To deal with this problem, several different approaches have been proposed. Many people attempt to lower the chance of exposure of secrets by distributing them across several systems, usually through secret-sharing method. Nevertheless, the cost of this method is usually extremely high; and as a matter of fact, is too expensive to be implemented by a typical individual user. What is more, since each of the systems may be susceptible to the same attack, the actual risk may not decrease. Other ways of protecting against key exposure include use of protected hardware or smartcard, but these are also costly and not suitable for ordinary people. The use of a trusted time stamping service applied to the signature to validate its date of creation is also a solution, but it needs extra resource to provide time issuing service.

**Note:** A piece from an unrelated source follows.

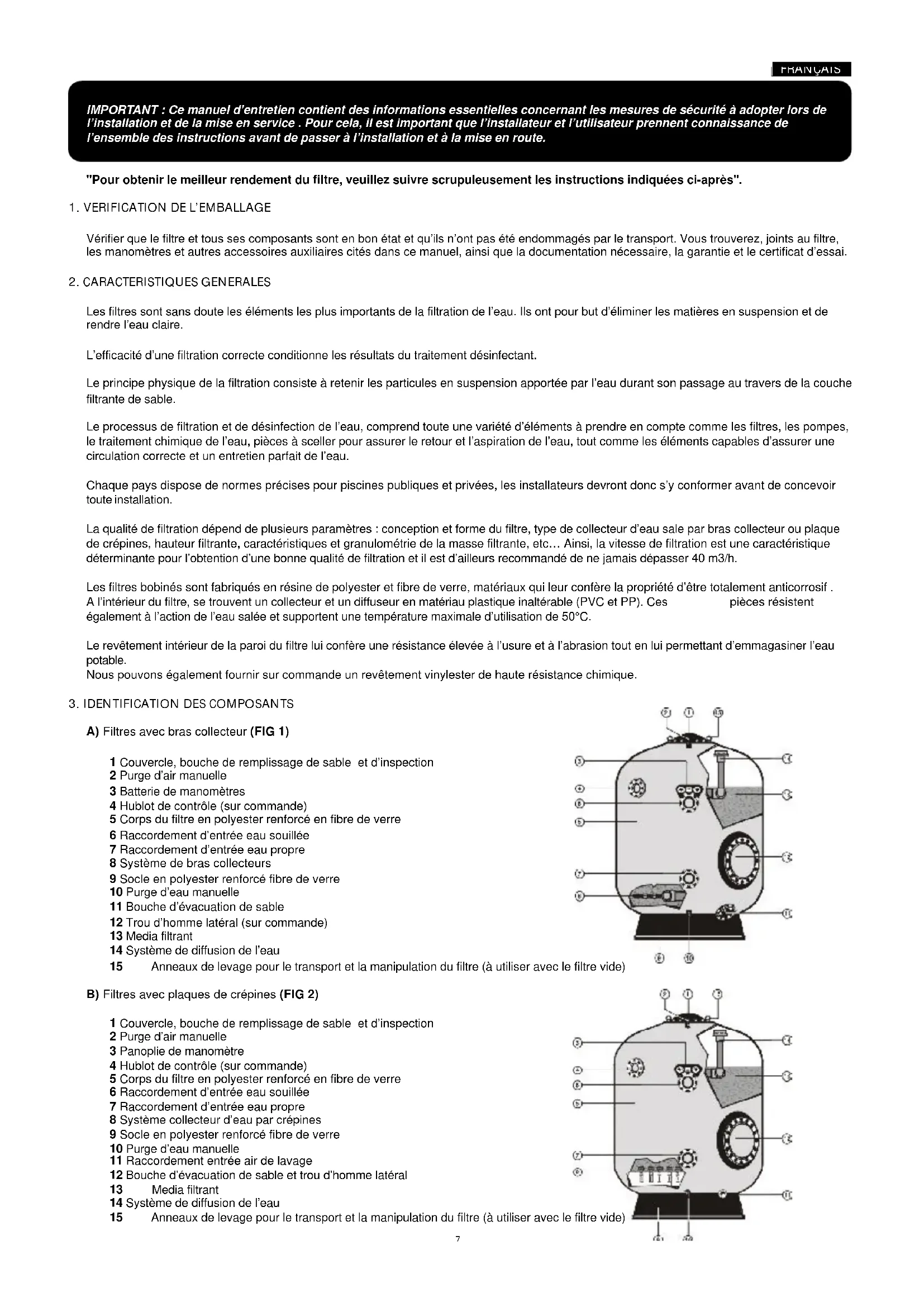 A) Filtres avec bras collecteur (FIG 1) 1 Couvercle, bouche de remplissage de sable et d’inspection 2 Purge d’air manuelle 3 Batterie de manomètres 4 Hublot de contrôle (sur commande) 5 Corps du filtre en polyester renforcé en fibre de verre 6 Raccordement d’entrée eau souillée 7 Raccordement d’entrée eau propre 8 Système de bras collecteurs 9 Socle en polyester renforcé fibre de verre 10 Purge d’eau manuelle 11 Bouche d’évacuation de sable 12 Trou d’homme latéral (sur commande) 13 Media filtrant 14 Système de diffusion de l’eau 15 Anneaux de levage pour le transport et la manipulation du filtre (à utiliser avec le filtre vide) B) Filtres avec plaques de crépines (FIG 2) 1 Couvercle, bouche de remplissage de sable et d’inspection 2 Purge d’air manuelle 3 Panoplie de manomètre 4 Hublot de contrôle (sur commande) 5 Corps du filtre en polyester renforcé en fibre de verre 6 Raccordement d’entrée eau souillée 7 Raccordement d’entrée eau propre 8 Système collecteur d’eau par crépines 9 Socle en polyester renforcé fibre de verre 10 Purge d’eau manuelle 11 Raccordement entrée air de lavage 12 Bouche d’évacuation de sable et trou d’homme latéral

Forward secure [AMN01,AR00,BM99,Kra00,BC⁺01] is a better way to reduce the damage. It guarantees that disclosure of the secret key material at present does not compromise the secrecy of the earlier signature or encrypted material; and it must be achieved in a simple way, in particular without requiring distribution or protected storage devices, and without increasing key management costs. We extend the concept to proxy signatures as forward-secure proxy signature [AR00] to make the system with a forward-secure property.

In recent years, one-time signature schemes [Lam79,Rab79,WS96,Mer87,Sch00]

have attracted more and more attention, as an attractive alternative to the traditional

signature schemes based on public key cryptography. One of the main advantages of one-time signature schemes is their reliance on one-way functions that can be implemented using fast hash functions such that SHA-serials [NIST02]. The resulting signatures are the order of magnitude faster than signatures based on public cryptography applying on the resource-constrained, small devices, such as cell phones, pagers, smart cards etc. The other of advantage of such a scheme is that it is generally quite fast. However, the scheme tends unwieldy when used to authenticate multiple messages because additional data needs to be generates to both sign and verify each new message. By contrast, with conventional signature scheme like RSA [RSA78], the same key pair can be used to authenticate multiple documents, which will face the threat of replay attacks.

We propose a new scheme to generalize the Lamport one-time signature. Thus, the proposed scheme is a generalized Lamport one-time signature scheme and save the storage of the public key and the size of the signature. Moreover, we propose an efficient solution for signing a long message to make the proposed scheme more operative in practical. Moreover, we apply the proposed scheme to proxy signature.